CX nutrients are designed to mix with typical tap water which usually has some calcium-carbonate and magnesium-carbonate in it (usually from limestone groundwater sources). Likewise tap water usually has some zinc, copper and iron in it from the metal pipes and plumbing. If your water is soft (low EC) then it will be missing a small but significant source of Cal-Mag and you may need to add more – even though CX coco nutes have quite a bit of calicium and magnesium in them already. The problem may be worse in the beginning with fresh coco that's not charged, or it could get worse during the grow as the coco breaks down and its surface area increases, which causes more cation exchange and greater demand for calcium and magnesium.

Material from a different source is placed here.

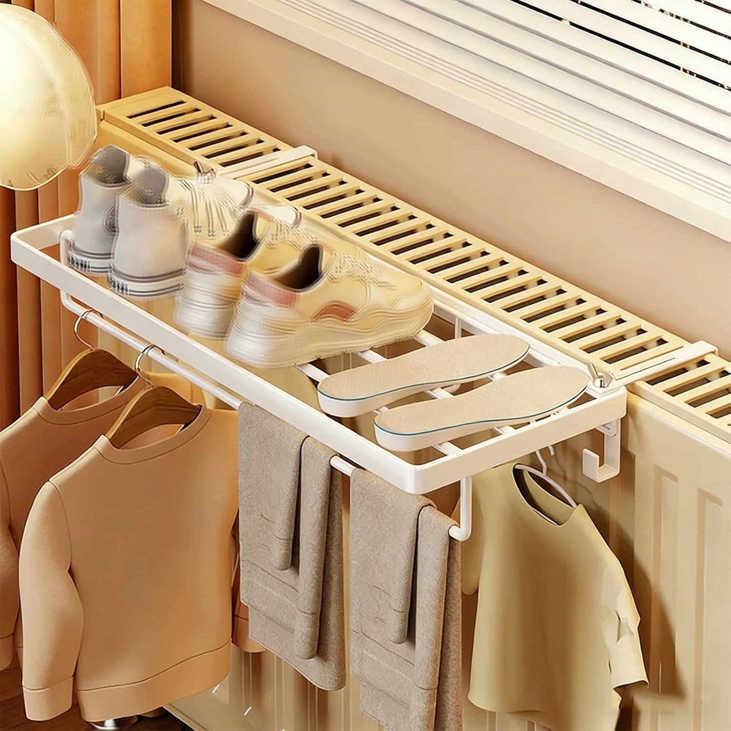 This Radiator Shelf is an innovative and adjustable hanging rack designed specifically for radiator pipes, seamlessly combining functionality and style. Crafted from high-quality wrought iron, available in classic Black and White, this versatile shelf integrates the features of radiator shelves, floating radiator shelves, and radiator racks, making it an essential addition to your home. With thoughtful design elements, it optimizes your drying space while meeting various needs, all without the hassle of drilling.The adjustable hook spacing and length ensure a universal fit for both thin and thick radiators, while the spacious surface allows for effortless drying. Engineered for durability, this shelf boasts a strong load-bearing capacity and maintains its shape, making it perfect for drying bedroom clothes, shoes, and socks. It not only keeps your clothes warm for early morning use but also helps eliminate clutter, adding a touch of sophistication to your living space.Specifications:- Product Name: Radiator Shelf - Material: Wrought Iron- Color Options: Black, White- Dimensions: 35x20x12cm, 55x20x12cmApplication Scenarios:1. Bedroom: Ideal for drying pajamas and socks, keeping your clothing warm for a cozy morning.2. Living Room: A stylish radiator rack for drying coats and scarves while enhancing the room's elegance and organization.3. Dormitory: The no-drill design is perfect for compact spaces, making it easy to dry clothes and socks.4. Apartment: As a floating radiator shelf, it fits various radiator sizes and suits small layouts effortlessly.5. Entryway: Conveniently dry shoes and hang accessories, ensuring they're warm and ready for your morning routine.6. Guest Room: Provides extra drying and storage space for guests, combining practicality with a refined aesthetic.7. Children’s Room: Safe and sturdy, perfect for drying kids’ clothes without safety concerns.

Nitrogen also helps with magnesium uptake, so low N levels – especially if you are underfeeding – will exacerbate the problem. Higher pH will help cal-mag uptake but will affect heavy metal uptake (iron, zinc, boron, copper etc). pH5.6-5.7 in veg is a good number to aim for, and around 5.8-5.9 in flower.
I used the old CX formula which had dedicated NPK ratios for veg and bloom – the new formula uses a "base" two-part nutrient that must be supplemented during veg and flower. So the base nutrient will not have enough nitrogen for veg and it won't have enough PK for flower – that's why you have to add the Growth enhancer (NPK 11-0-0) during veg and the head master (1-2-2) during flower and mighty bloom PK (0-15-16) during mid-late flower. Those nutrients are designed to be used in conjunction, not separately.
Finally, you need to be careful reading those CX nutrient charts because they can be quite misleading. For example, have a look at the NPK ratios of the Coco A and B below. The ratio is 4-4-5. But have a look at the nutrient chart – the NPK ratio is 6-1-4. So which one is correct? And does the nutrient chart incude all the additives and if so which ones?
Just be careful about which nutrients you think you are giving your plants and what ratios they are, as you may not be giving yourt plants what you think you are. Excessive K, for examnple, will lock out both calcium and magnesium, so if you were just feeding the base nutrient without the Growth Enhancer, that could be your problem there.